> [PROBLEM DETAILS]: Please repeat every entry exactly as written, but skip the pictures.

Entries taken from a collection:
——————
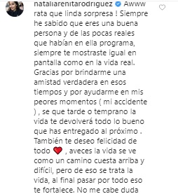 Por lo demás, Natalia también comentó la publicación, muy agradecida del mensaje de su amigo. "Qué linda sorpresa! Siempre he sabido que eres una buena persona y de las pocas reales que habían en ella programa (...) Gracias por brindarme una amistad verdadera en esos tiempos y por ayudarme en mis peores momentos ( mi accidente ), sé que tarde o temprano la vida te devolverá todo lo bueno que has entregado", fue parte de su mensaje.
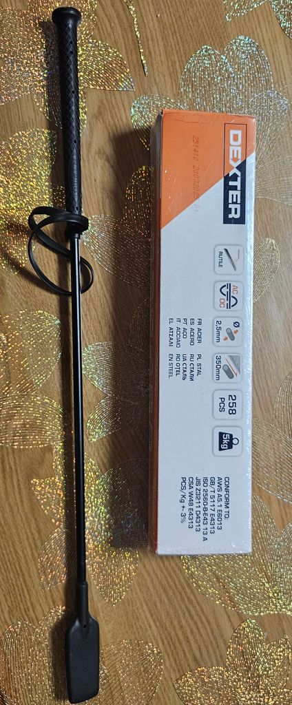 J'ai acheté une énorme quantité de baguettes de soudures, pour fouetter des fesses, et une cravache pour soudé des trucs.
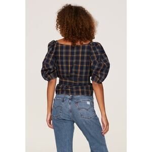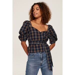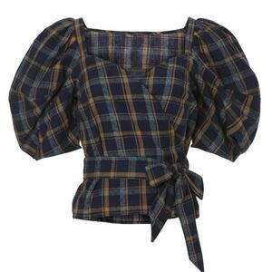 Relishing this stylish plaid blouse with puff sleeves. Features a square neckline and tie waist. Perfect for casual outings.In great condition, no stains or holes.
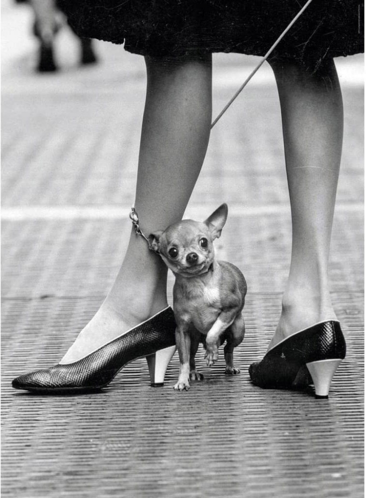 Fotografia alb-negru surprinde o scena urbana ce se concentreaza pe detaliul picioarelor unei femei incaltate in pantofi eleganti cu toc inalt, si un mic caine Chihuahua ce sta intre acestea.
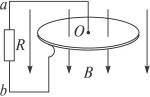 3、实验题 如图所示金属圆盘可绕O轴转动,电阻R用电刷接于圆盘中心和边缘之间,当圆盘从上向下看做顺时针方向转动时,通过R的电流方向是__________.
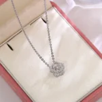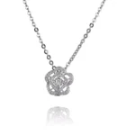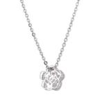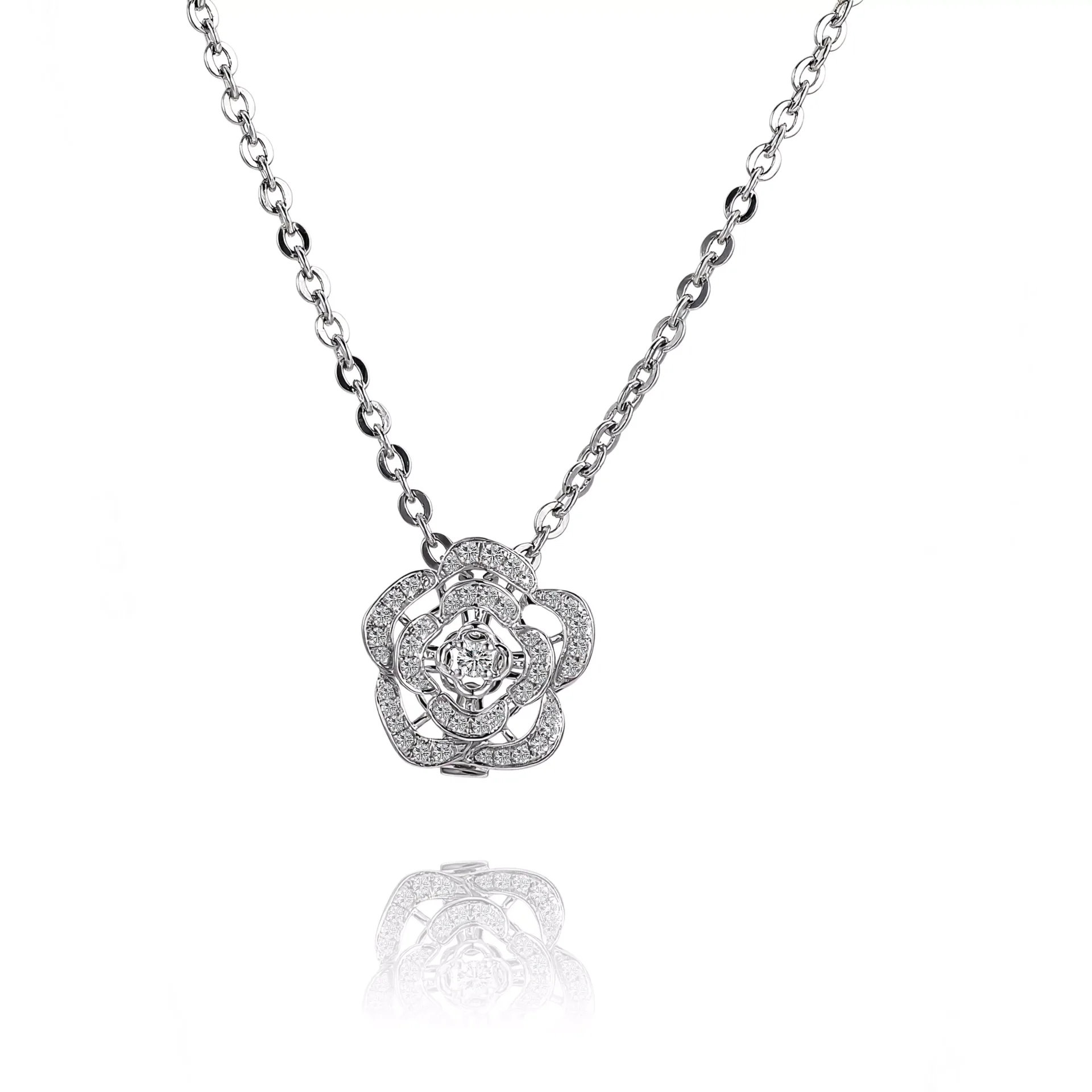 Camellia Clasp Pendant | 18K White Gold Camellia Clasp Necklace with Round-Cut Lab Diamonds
——————
> [EXERCISE SOLUTION]:
 Por lo demás, Natalia también comentó la publicación, muy agradecida del mensaje de su amigo. "Qué linda sorpresa! Siempre he sabido que eres una buena persona y de las pocas reales que habían en ella programa (...) Gracias por brindarme una amistad verdadera en esos tiempos y por ayudarme en mis peores momentos ( mi accidente ), sé que tarde o temprano la vida te devolverá todo lo bueno que has entregado", fue parte de su mensaje.
 J'ai acheté une énorme quantité de baguettes de soudures, pour fouetter des fesses, et une cravache pour soudé des trucs.
 Relishing this stylish plaid blouse with puff sleeves. Features a square neckline and tie waist. Perfect for casual outings.In great condition, no stains or holes.
 Fotografia alb-negru surprinde o scena urbana ce se concentreaza pe detaliul picioarelor unei femei incaltate in pantofi eleganti cu toc inalt, si un mic caine Chihuahua ce sta intre acestea.
 3、实验题 如图所示金属圆盘可绕O轴转动,电阻R用电刷接于圆盘中心和边缘之间,当圆盘从上向下看做顺时针方向转动时,通过R的电流方向是__________.
 Camellia Clasp Pendant | 18K White Gold Camellia Clasp Necklace with Round-Cut Lab Diamonds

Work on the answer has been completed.